013 - Sourcing Interest Rate Data

13_interest_rates

Sourcing and Cleaning Interest Rate Data

Summary

In the previous script, I joined daily interest rate data onto the cleaned / processed / reduced CBOE data file. However, I did not describe the source of those data.

I downloaded historical constant maturity rates for US Treasury bills / notes / bonds from the St. Louis Fed's data repository. The data can be pulled from here.

The file includes daily interest rate data for many different tenors, but I am only interested in those that span the expiration period of the options in the CBOE data. In the previous post, I excluded any options with greater than 360 days-to-expiration (dte). So, I am only concerned with 1-month (1M), 3-month (3M), and 1-year (1Y) rates. The relevant files in the data I downloaded include the 'DGS1MO.csv', 'DGS3MO.csv', and 'DGS1.csv' files.

I did not spend a lot of time optimizing this script. I wanted to join the interest rate data onto the CBOE data with minimal effort, and the script reflects some of this laziness. For example, I make three repeated calls to the Pandas read_csv command, when that could have been loaded into a simple function.

I needed to clean some of the files, so I did write a function for that task. But it only really requires that I replace a missing value with some substitute rate. That is accomplished, ultimately, by averaging the rates from surrounding dates.

In other words, I'm including this script for transparency but it is not my best work.

In [29]:
# Import modules
import os
import pandas as pd


# =============================================================================
# Functions
# =============================================================================
def clean_ir_file(input_file, output_file):
    """
    """
    with open(output_file, 'wt') as outfile:
        with open(input_file, 'r') as infile:
            for i, line in enumerate(infile):
                if (i == 0):
                    outfile.write(line.lower())
                else:
                    date, rate = line.rstrip().split(sep=',')
                    if (rate in ['.', '']):
                        rate = '0.00'
                    line = ''.join(date + ',' + rate + '\n')
                    outfile.write(line)


# =============================================================================
# Set-up
# =============================================================================

# Alter pandas display settings
pd.set_option('display.max_rows', 200)
pd.set_option('display.max_columns', 500)
pd.set_option('display.width', 500)

# Location of the Fred interest rate data
fred_dir = r'/Users/alexstephens/data/fred/IRTCM_csv_2/data'

# Define the output interest rate pickle file
ir_pkl = r'fred_ir_01M_03M_01Y.pkl'
ir_pkl_file = os.path.join(fred_dir, ir_pkl)

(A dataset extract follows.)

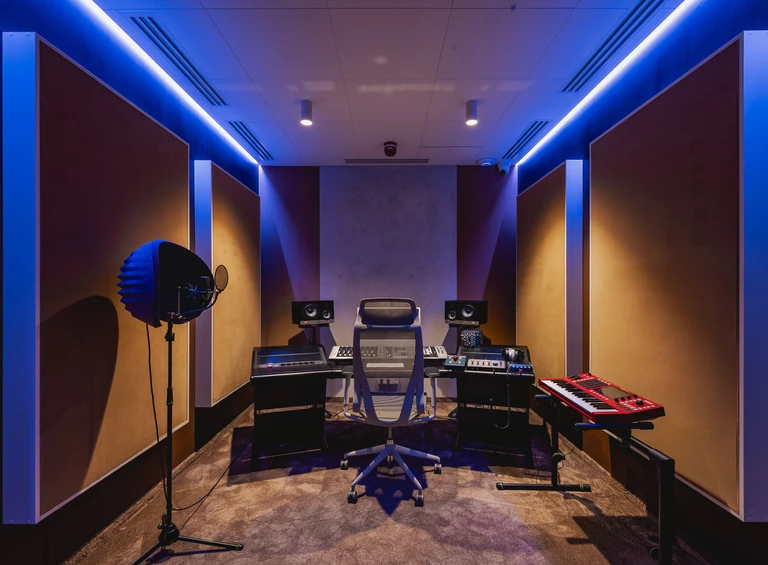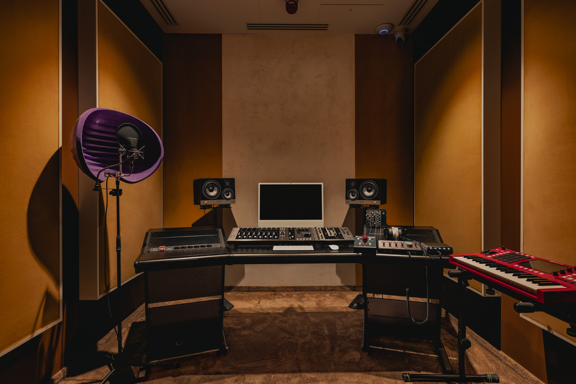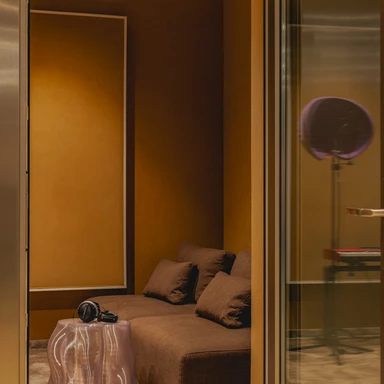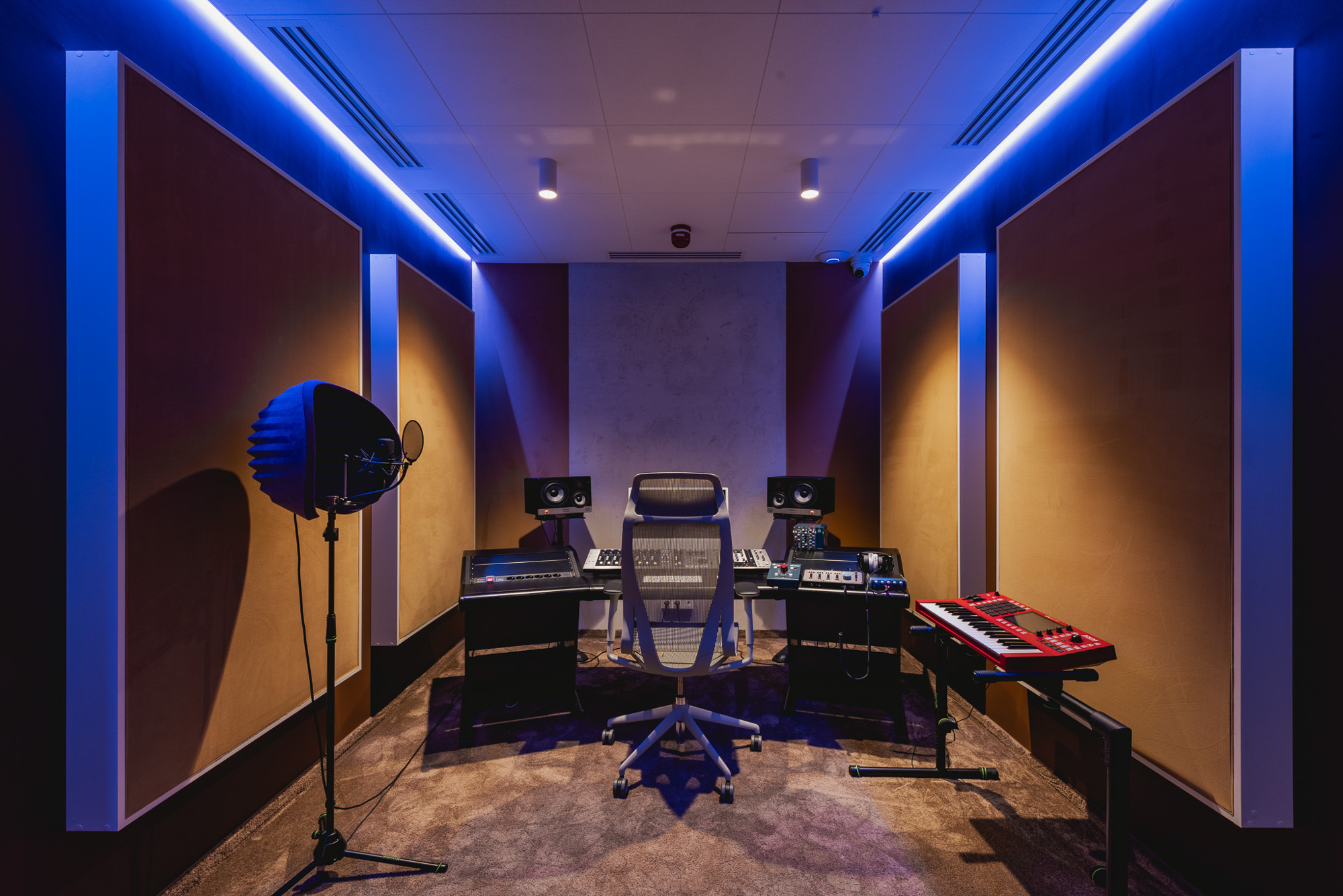Część przeznaczona do rejestracji dźwięku została zaprojektowana jako azyl wyciszenia i pełnego skupienia. Są to harmonijne, dopracowane pod kątem akustycznym wnętrza, sprzyjające pracy w formacie jeden na jeden. Dominuje tu stonowana, ciepła paleta barw oparta o brązy oraz ochrę, co ułatwia koncentrację podczas procesu twórczego. Istotną rolę odgrywa również światło - jego natężenie można indywidualnie regulować, dostosowując atmosferę do aktualnego nastroju i potrzeb artysty. Dzięki temu strefa ta pozwala na całkowite odcięcie się od zewnętrznego zgiełku.

A minor innovation here. Trying the use of the zip() generator to zip the input and output files together.

In [30]:
# =============================================================================
# Read / clean the data
# =============================================================================

# Define input / output interest rate files
input_file_list = ['DGS1MO.csv', 'DGS3MO.csv', 'DGS1.csv']
output_file_list = ['DGS1MO_clean.csv', 'DGS3MO_clean.csv', 'DGS1_clean.csv']

# Clean the files
for in_item, out_item in zip(input_file_list, output_file_list):
    in_file = os.path.join(fred_dir, in_item)
    out_file = os.path.join(fred_dir, out_item)
    clean_ir_file(in_file, out_file)

In this step, I read the cleaned interest rate data into distinct dataframes -- one for each tenor of interest (1M, 3M, & 1Y)

In [31]:
# =============================================================================
# Read data frames
# =============================================================================

# Read 1M rates
dgs1mo = pd.read_csv(os.path.join(fred_dir, 'DGS1MO_clean.csv'),
                     skiprows=0,
                     delimiter=",",
                     header=0,
                     names=['date', 'R01M'],
                     dtype={'date': str, 'R01M': float},
                     parse_dates=['date'],
                     infer_datetime_format=True,)
dgs1mo = dgs1mo.assign(R01M=(dgs1mo.R01M/100))

# Read 3M rates
dgs3mo = pd.read_csv(os.path.join(fred_dir, 'DGS3MO_clean.csv'),
                     skiprows=0,
                     delimiter=",",
                     header=0,
                     names=['date', 'R03M'],
                     dtype={'date': str, 'R03M': float},
                     parse_dates=['date'],
                     infer_datetime_format=True,)
dgs3mo = dgs3mo.assign(R03M=(dgs3mo.R03M/100))

# Read 1Y rates
dgs1yr = pd.read_csv(os.path.join(fred_dir, 'DGS1_clean.csv'),
                     skiprows=0,
                     delimiter=",",
                     header=0,
                     names=['date', 'R01Y'],
                     dtype={'date': str, 'R01Y': float},
                     parse_dates=['date'],
                     infer_datetime_format=True,)
dgs1yr = dgs1yr.assign(R01Y=(dgs1yr.R01Y/100))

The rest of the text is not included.